I tried numerous things, multiplying by $x$, dividing, but none of that worked. Also, I realized that:

$$\prod_{n=0}^{\infty} \left(1 + x^{2^n}\right) = \sum_{n=0}^{\infty} x^n$$

But I cannot prove the relation.

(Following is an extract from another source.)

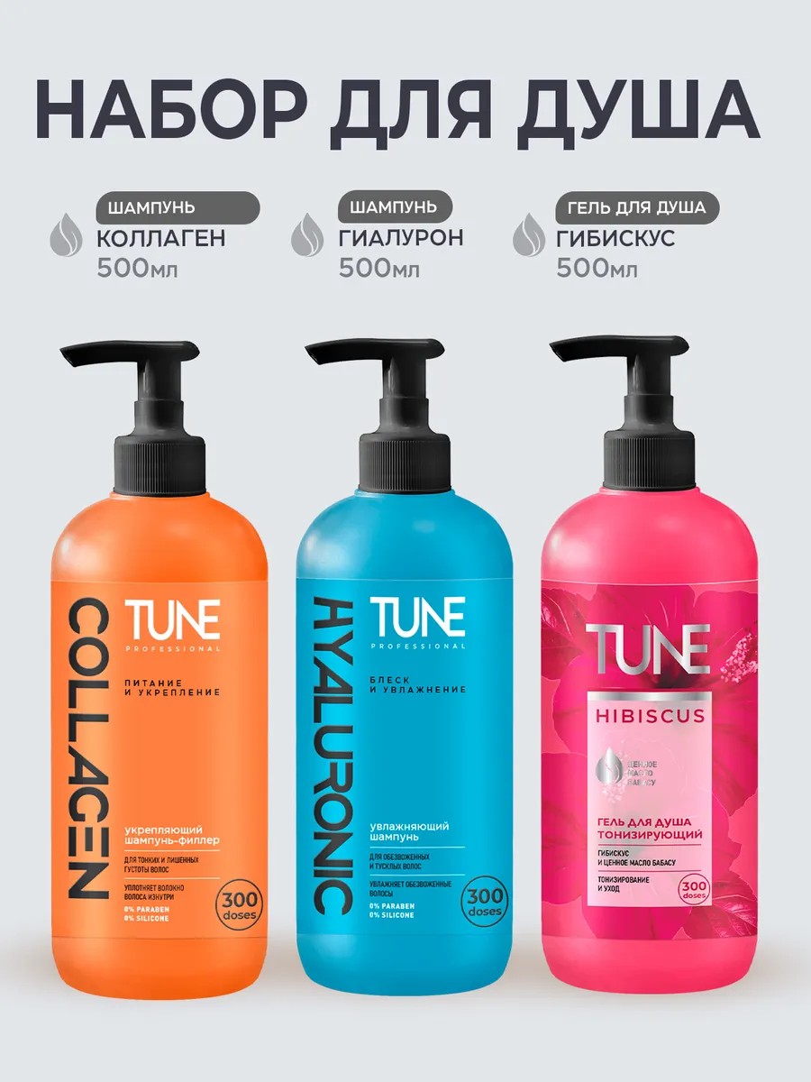 TUNE Набор для волос и тела, Гель для душа+Шампунь+Шампунь

I get:

$$(1 + x)(1+x^2)(1+x^4)(1+x^8)...$$

But for a general $n$ it is more difficult.


Since: $$\begin{eqnarray*} (1-x)(1+x)&=&(1-x^2),\\ (1-x^2)(1+x^2) &=& (1-x^4), \\ (1-x^4)(1+x^4) &=& (1-x^8),\\ \ldots\end{eqnarray*} $$ we have: $$ (1-x)\prod_{k=0}^{N}\left(1+x^{2^k}\right) = 1-x^{2^{N+1}} \tag{1}$$ so, assuming $|x|<1$ and letting $N\to +\infty$ we have: $$ (1-x)\prod_{k=0}^{+\infty}\left(1+x^{2^k}\right) = 1\tag{2} $$ as wanted.

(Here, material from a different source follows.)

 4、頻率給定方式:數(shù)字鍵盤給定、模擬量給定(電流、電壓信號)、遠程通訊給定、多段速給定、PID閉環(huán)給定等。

Notice that a possible combinatorial interpretation of $(2)$ is: there is only one way of writing a natural number as a sum of distinct powers of two.


We have

$$\prod_{n = 0}^\infty (1 + x^{2^n}) = \lim_{m \to \infty} \prod_{n = 0}^m \frac{1 - x^{2^{n+1}}}{1 - x^{2^n}} = \lim_{m\to \infty} \frac{1 - x^{2^{m+1}}}{1 - x} = \frac{1}{1 - x}$$

for $|x| < 1$.


The partial products are $$1+x,$$ $$(1+x)+x^2(1+x)=1+x+x^2+x^3,$$ $$(1+x+x^2+x^3)+x^4(1+x+x^2+x^3)=1+x+x^2+x^3+x^4+x^4+x^5+x^6+x^7$$ $$\cdots$$ Every time the number of terms doubles. Doesn't that ring a bell ?